Re: All title tags are showing as Untitled document

Posted: Wed Dec 16, 2020 5:05 pm
by captquirk
Let me look at the issue. I'll post what I find.

I'LL BE BACK!

Re: All title tags are showing as Untitled document

Posted: Wed Dec 16, 2020 5:47 pm
by captquirk
Issue is confirmed! The 'title" column of the links table is not being populated for apnews.com.
Now to figure out WHY!

UPDATE: Sphider is unable to find the title tags (<title> and </title>). In the case of apnews.com, there are TWO causes for this.
The first is a simple code fix, but the second is being more elusive.
Viewing the page source, it is very obvious the title tags ARE present! The opening tag is not be recognized because of the option added. This is the easy fix in Sphider. Taking just the top of the html and running it through the fixed spider confirms that titles are found.
BUT - when scanning the entire page of html, the tags are not "seen". SOMETHING in the page is interfering.

Stand by...

Re: All title tags are showing as Untitled document

Posted: Wed Dec 16, 2020 11:07 pm
by kraisor
That's a weird issue, appreciate you looking into this!

Re: All title tags are showing as Untitled document

Posted: Thu Dec 17, 2020 1:25 am
by captquirk
Weird indeed! There is SOMETHING in the page that prevents Sphider from seeing the title tags.
If I copy the source html into a local file and scan it with Sphider, the tags are not found. If I delete everything from the css down and save that fragment, title tags are found and read.
I have been unable to determine WHERE in the source html things go awry. When I think I am closing in, something changes.
Very sure it is NOT the css portion....

I'll keep looking and post back when I find something definitive.
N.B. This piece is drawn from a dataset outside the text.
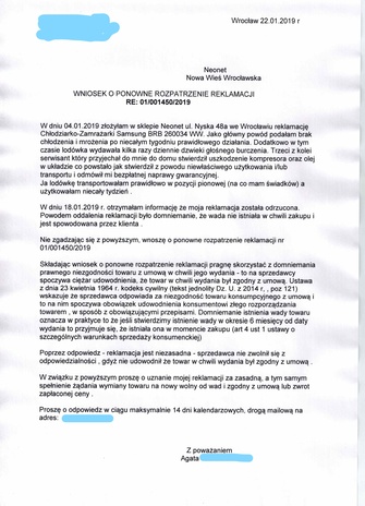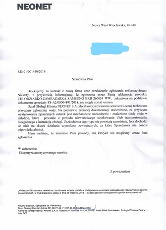 Firma NEONET nie uznała mojej reklamacji dobrowolnie. Trzykrotnie odwoływałam się od ich decyzji i zawsze otrzymywałam identyczną odmowną odpowiedz. Moja samodzielna "walka" z NEONET nie dała efektów. Skierowałam sprawę do Rzecznika Praw Konsumentów we Wrocławiu i dzięki nim po pół roku firma NEONET w końcu uznała moje żądania i oddała mi pieniądze za uszkodzoną lodówke. Serwis Czyuzna.pl udzielił mi dużo dobrych rad i wskazówek oraz skontaktował mnie z rzeczoznawca AGD z którego pomocy nie skorzystałam bo sprawa została załatwiona ale byłam gotowa iśc nawet do sądu. Dziękuję wszystkim osobą zaangażowanym w sprawę za pomoc.

Re: All title tags are showing as Untitled document

Posted: Thu Dec 17, 2020 4:30 pm
by captquirk
TO OTHER USERS WHO MAY EXPERIENCE THE SAME PROBLEM OF TITLES BEING BLANK:
Sphider looks for the title tags, and the script (as of 3.5.2 and Lite 1.2.2) is looking for the form <title> or <title >. If you happen to have any attributes in the tag, the title won't be found. This is an easy fix:
Edit spiderfuncs.php, line 856, from:
if (preg_match("@<title *>(.*?)<\/title*>@si", $file, $regs)) {
To:
if (preg_match("@<title.*>(.*?)<\/title*>@si", $file, $regs)) {
For the specific site this thread involves, the missing titles are a TWO part problem. This suggestion only fixes only one of them. Titles will not appear in the search without this fix, but this fix ALONE will not make the titles appear! This is a SECOND problem and research is ongoing...

Re: All title tags are showing as Untitled document

Posted: Thu Dec 17, 2020 7:57 pm
by captquirk
SPECIFICALLY FOR kraisor:
I found a way to capture the titles!
The regex normally used gets mangled somewhere. It is a valid script, but at some point it stops working.
I HAVE FOUND A REGEX WHICH DOES WORK!
This is specifically for apnews.com and will not work for others.

Edit admin/spiderfuncs.php, line 856, to read:
if (preg_match("@<title data-rh=\"true\">(.*?)<\/title*>@si", $file, $regs)) {
Mostly likely, after making this change you will need to go to the site options and "Clear site", then begin a new index. The reason is that a re-index will only work if page content has changed.

Hope this works as well for you as it did in my tests. No clue why the original wildcard script is not working for you, but this should be a good workaround.

Re: All title tags are showing as Untitled document

Posted: Wed Dec 23, 2020 9:55 pm
by captquirk
A definitive fix has been found!

It seems that under certain circumstances, the regex on line 856 of spiderfuncs.php entered a runaway state. The way to fix this has FINALLY been found.

spiderfuncs.php, line 856 should read:
if (preg_match("@<title.*?>(.*?)<\/title.*?>@si", $file, $regs)) {
Anyone experiencing cases of missing titles (when there ARE in fact title tags present) will benefit from this modification. The code change will be reflected in later versions of Sphider.